A roundup of national and regional economic headlines
July 13, 2009

The recession’s pain hasn’t fallen equally on all sectors of the population, The New York Times reports in its lead story today. In both the Big Apple and across the country, African-American unemployment tends to run about twice as high as the jobless rate among non-Hispanic whites. But in the past year, that relationship has become uncoupled in New York City; in the first quarter of 2009, unemployment rose four times faster among blacks than among whites. The story suggests that for all the attention paid to layoffs in the city’s high-flying legal and financial sectors, job losses in the civil service, retail, and manufacturing sectors have actually been greater.

The Washington Post flags one of the second-order consequences of the recession: a new openness in many states to alternatives to incarceration. Prisons have attracted a lot of attention as rural job-creation centers over the last decade or so, but as states look to balance budgets in a down economy, keeping people out of jail is becoming a higher priority. The key data point, lifted from a Pew study, is that it costs $79 a day to keep an inmate in prison, but $3.50 to monitor the same person on probation or parole.

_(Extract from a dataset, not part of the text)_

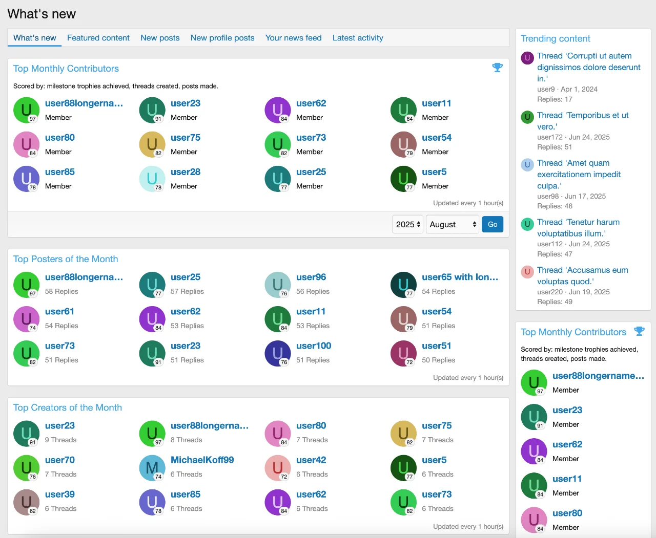 Вдохновленный ныне не поддерживаемым топ-постером месяца от @au lait, этот плагин представляет собой современную замену, которая устраняет все известные проблемы и обеспечивает поддержку XenForo 2.3.6 (а также 2.2.16).

The politics of stimulus is taken up by The Columbus Dispatch. Ohio voters gave President Obama low marks on the economy in a recent poll, and lawmakers from the Buckeye State “have emerged as central players” in the debate over how well the first stimulus package is working and whether a second is needed, the paper claims.

While the job market is stratifying in New York, it’s just outright bad in Michigan. The Detroit news reports today that the state has lost more than 750,000 of its jobs since mid-2000; by the end of next year, that number will jump to 950,000. Auto manufacturing now accounts for less than 1 percent of the state’s non-farm jobs. On the bright side, the health and education sectors are actually growing. Add it all up, and it sounds like the state’s economy is becoming less distinctive and more like the rest of the country.

A squib in The Atlanta-Journal Constitution, meanwhile, notes that even people who have jobs are taking home less money. The average annual paycheck for small business employees has shrunk by more than $3,400 since June 2008; at the same time, an increasing number of those employees were contractors, as more businesses turned to freelance help. What you have is a picture of an economy that’s struggling to survive,” said the president of the private payroll firm that compiled the data.